• _Required action_: Leave out the pictures and set down the rest of the listing below word for word.

• _Information supplied_:

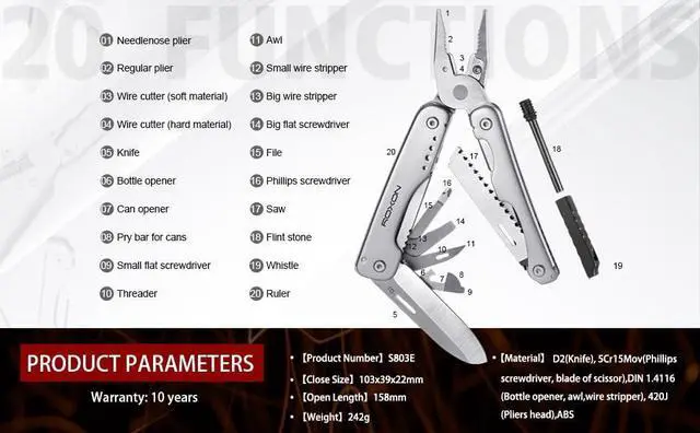Elite Version: better materials and more functions like D2 steel for the full-size lockable blades; Big flat screwdriver and Wire stripper.
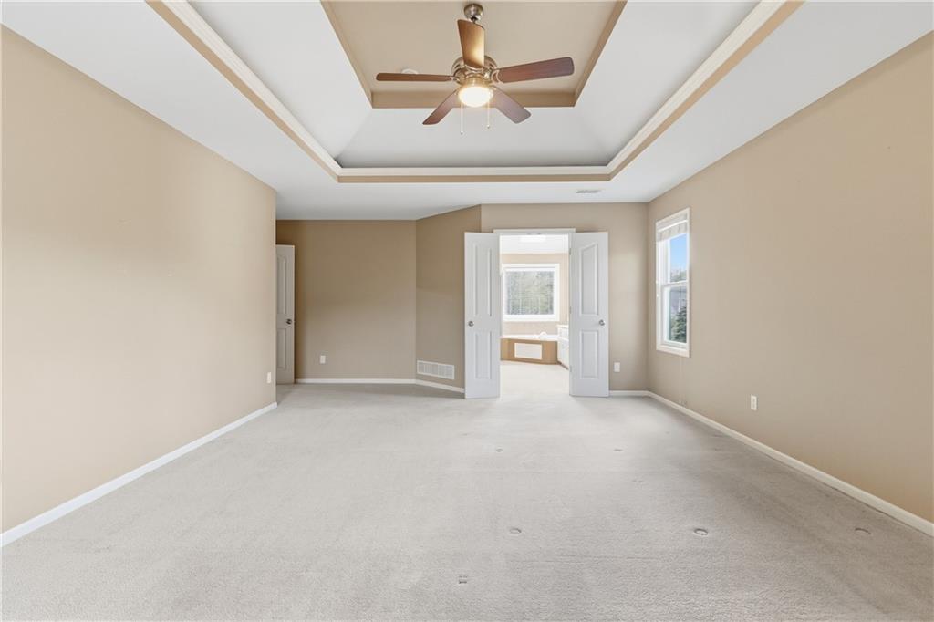 This meticulously maintained home is a great value in this sought after neighborhood! Welcoming entry with curved staircase. Home features hardwood floors in entrance, dining room, kitchen and breakfast room. The spacious great room offers built ins and a cozy gas fireplace. Kitchen boasts painted cabinets, SS appliances and great flow for everyday living. The primary suite features a sitting room, walk in closet, walk in shower and a bath with a jacuzzi tub. Secondary bedrooms offer large walk in closets. Convenient second floor laundry. The W/O lower level is filled with natural light and includes a wet bar and office space. Enjoy treed backyard with a deck and stamped concrete patio. Neighborhood amenities include walking trails, stocked pond, play area, and community pool, all just minutes from the elementary and middle schools. Home is surrounded by a 400 acre nature preserve with lakes, paved trails and abundant wildlife. Located in award winning Blue Valley Schools and convenient to shopping, dining, parks and quick highway access.
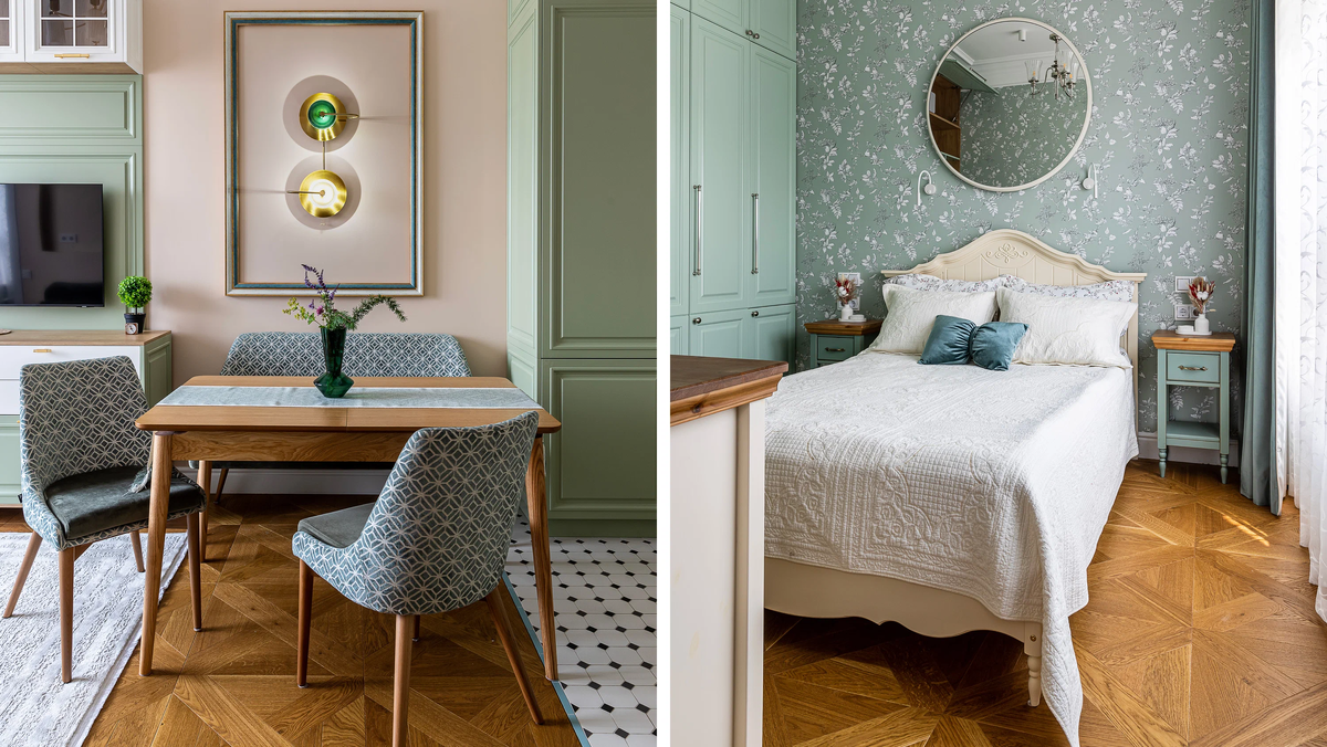 Эта квартира площадью 44,4 кв. м досталась мне в работу в феврале 2024 года. Задача стояла непростая: создать классический интерьер, где будет уютно хозяйке и её гостящим время от времени внукам. Заказчица мечтала о доме, который окружит детей красотой с первых шагов. Она верила, что это станет залогом их будущего вкуса. Поэтому в качестве основного стиля мы выбрали классику, но решили разбавить её элементами прованса и шинуазри.

• _Exercise answer_:
Elite Version: better materials and more functions like D2 steel for the full-size lockable blades; Big flat screwdriver and Wire stripper.
 This meticulously maintained home is a great value in this sought after neighborhood! Welcoming entry with curved staircase. Home features hardwood floors in entrance, dining room, kitchen and breakfast room. The spacious great room offers built ins and a cozy gas fireplace. Kitchen boasts painted cabinets, SS appliances and great flow for everyday living. The primary suite features a sitting room, walk in closet, walk in shower and a bath with a jacuzzi tub. Secondary bedrooms offer large walk in closets. Convenient second floor laundry. The W/O lower level is filled with natural light and includes a wet bar and office space. Enjoy treed backyard with a deck and stamped concrete patio. Neighborhood amenities include walking trails, stocked pond, play area, and community pool, all just minutes from the elementary and middle schools. Home is surrounded by a 400 acre nature preserve with lakes, paved trails and abundant wildlife. Located in award winning Blue Valley Schools and convenient to shopping, dining, parks and quick highway access.
 Эта квартира площадью 44,4 кв. м досталась мне в работу в феврале 2024 года. Задача стояла непростая: создать классический интерьер, где будет уютно хозяйке и её гостящим время от времени внукам. Заказчица мечтала о доме, который окружит детей красотой с первых шагов. Она верила, что это станет залогом их будущего вкуса. Поэтому в качестве основного стиля мы выбрали классику, но решили разбавить её элементами прованса и шинуазри.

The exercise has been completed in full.